● **WHAT TO DO**
Copy, word for word, the lines of the entries below between the one with "stejné látky jako" and the one with "ひき算の筆算 (2桁-1桁)#1", inclusive, and leave out everything else.

◇ ◇ ◇ ◇ ◇

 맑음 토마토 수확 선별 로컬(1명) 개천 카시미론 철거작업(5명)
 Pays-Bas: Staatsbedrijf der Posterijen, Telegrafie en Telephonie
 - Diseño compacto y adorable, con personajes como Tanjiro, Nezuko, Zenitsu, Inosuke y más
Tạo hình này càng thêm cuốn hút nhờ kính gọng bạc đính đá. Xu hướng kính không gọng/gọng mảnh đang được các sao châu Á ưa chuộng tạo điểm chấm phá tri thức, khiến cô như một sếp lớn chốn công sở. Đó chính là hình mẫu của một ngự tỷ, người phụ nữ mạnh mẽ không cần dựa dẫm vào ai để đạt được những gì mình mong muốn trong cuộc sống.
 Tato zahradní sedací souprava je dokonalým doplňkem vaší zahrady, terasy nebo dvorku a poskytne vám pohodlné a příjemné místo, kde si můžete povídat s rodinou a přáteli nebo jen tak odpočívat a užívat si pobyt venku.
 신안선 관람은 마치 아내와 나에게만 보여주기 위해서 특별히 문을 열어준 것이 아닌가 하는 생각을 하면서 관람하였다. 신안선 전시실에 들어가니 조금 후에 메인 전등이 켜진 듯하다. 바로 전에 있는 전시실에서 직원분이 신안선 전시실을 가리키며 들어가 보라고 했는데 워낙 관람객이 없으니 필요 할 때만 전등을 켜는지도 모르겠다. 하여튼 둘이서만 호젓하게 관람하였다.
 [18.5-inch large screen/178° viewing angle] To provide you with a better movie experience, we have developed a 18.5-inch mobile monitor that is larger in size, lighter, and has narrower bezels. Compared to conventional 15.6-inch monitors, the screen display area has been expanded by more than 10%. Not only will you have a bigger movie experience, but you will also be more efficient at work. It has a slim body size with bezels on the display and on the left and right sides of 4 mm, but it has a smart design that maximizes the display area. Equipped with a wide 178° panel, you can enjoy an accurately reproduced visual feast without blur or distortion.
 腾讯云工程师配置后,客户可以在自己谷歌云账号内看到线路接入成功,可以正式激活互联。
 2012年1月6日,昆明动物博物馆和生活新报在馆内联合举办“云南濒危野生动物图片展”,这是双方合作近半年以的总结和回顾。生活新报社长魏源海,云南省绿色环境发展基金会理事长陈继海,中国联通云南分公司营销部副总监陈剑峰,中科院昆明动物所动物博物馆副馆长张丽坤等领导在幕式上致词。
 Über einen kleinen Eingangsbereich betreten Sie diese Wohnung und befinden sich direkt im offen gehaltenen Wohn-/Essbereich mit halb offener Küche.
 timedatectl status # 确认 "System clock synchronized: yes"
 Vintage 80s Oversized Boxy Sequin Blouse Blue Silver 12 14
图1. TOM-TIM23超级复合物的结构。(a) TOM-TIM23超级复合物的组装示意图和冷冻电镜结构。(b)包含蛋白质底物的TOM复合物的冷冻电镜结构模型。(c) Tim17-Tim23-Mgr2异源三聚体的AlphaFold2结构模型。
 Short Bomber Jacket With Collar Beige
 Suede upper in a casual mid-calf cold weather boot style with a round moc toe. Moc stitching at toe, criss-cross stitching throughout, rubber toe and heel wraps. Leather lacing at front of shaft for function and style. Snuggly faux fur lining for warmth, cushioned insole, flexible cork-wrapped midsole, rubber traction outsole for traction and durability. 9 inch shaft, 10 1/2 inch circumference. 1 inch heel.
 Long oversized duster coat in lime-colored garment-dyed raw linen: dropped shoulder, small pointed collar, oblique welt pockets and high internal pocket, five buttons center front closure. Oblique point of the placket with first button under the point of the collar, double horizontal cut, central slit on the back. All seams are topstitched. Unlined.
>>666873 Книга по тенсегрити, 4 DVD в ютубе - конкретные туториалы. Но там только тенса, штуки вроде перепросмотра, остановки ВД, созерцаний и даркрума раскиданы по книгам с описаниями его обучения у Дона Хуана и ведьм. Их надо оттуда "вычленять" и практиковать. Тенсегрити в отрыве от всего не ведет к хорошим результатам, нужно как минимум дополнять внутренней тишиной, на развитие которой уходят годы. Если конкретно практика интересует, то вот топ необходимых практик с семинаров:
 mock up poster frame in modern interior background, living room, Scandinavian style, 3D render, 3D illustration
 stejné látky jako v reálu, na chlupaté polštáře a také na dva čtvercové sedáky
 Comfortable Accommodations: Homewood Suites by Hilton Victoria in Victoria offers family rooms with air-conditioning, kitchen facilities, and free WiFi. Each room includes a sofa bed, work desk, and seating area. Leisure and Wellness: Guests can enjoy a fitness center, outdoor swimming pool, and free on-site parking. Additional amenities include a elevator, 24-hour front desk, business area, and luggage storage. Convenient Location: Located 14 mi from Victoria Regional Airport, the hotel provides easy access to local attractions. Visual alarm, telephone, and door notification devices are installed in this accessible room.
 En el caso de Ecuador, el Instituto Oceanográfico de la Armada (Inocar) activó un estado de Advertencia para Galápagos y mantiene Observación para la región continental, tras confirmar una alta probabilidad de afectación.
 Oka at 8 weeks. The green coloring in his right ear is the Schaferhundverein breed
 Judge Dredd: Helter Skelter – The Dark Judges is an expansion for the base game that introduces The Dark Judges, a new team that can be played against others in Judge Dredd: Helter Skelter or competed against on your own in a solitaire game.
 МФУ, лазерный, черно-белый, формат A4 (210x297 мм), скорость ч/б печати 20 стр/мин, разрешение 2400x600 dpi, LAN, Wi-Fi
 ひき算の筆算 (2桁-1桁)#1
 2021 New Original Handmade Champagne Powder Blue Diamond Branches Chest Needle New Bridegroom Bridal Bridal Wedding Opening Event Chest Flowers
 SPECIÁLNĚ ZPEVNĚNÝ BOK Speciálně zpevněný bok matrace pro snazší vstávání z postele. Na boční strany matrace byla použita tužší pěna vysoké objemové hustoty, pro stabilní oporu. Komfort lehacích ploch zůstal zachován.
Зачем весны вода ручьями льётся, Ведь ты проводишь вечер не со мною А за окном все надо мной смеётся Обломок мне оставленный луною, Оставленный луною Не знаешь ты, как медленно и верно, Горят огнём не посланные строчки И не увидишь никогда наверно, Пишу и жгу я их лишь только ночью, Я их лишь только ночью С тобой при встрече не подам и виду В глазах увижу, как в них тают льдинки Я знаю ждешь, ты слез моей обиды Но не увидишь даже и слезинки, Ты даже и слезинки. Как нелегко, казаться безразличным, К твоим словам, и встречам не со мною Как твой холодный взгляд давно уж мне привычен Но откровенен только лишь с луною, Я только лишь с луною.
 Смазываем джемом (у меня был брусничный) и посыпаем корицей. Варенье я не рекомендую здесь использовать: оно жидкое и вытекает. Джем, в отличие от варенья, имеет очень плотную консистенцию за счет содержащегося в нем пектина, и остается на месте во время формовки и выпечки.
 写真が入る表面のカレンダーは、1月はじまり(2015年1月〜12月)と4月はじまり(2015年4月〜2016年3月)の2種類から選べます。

◇ ◇ ◇ ◇ ◇

● **ANSWER SPACE**
 stejné látky jako v reálu, na chlupaté polštáře a také na dva čtvercové sedáky
 Comfortable Accommodations: Homewood Suites by Hilton Victoria in Victoria offers family rooms with air-conditioning, kitchen facilities, and free WiFi. Each room includes a sofa bed, work desk, and seating area. Leisure and Wellness: Guests can enjoy a fitness center, outdoor swimming pool, and free on-site parking. Additional amenities include a elevator, 24-hour front desk, business area, and luggage storage. Convenient Location: Located 14 mi from Victoria Regional Airport, the hotel provides easy access to local attractions. Visual alarm, telephone, and door notification devices are installed in this accessible room.
 En el caso de Ecuador, el Instituto Oceanográfico de la Armada (Inocar) activó un estado de Advertencia para Galápagos y mantiene Observación para la región continental, tras confirmar una alta probabilidad de afectación.
 Oka at 8 weeks. The green coloring in his right ear is the Schaferhundverein breed
 Judge Dredd: Helter Skelter – The Dark Judges is an expansion for the base game that introduces The Dark Judges, a new team that can be played against others in Judge Dredd: Helter Skelter or competed against on your own in a solitaire game.
 МФУ, лазерный, черно-белый, формат A4 (210x297 мм), скорость ч/б печати 20 стр/мин, разрешение 2400x600 dpi, LAN, Wi-Fi
 ひき算の筆算 (2桁-1桁)#1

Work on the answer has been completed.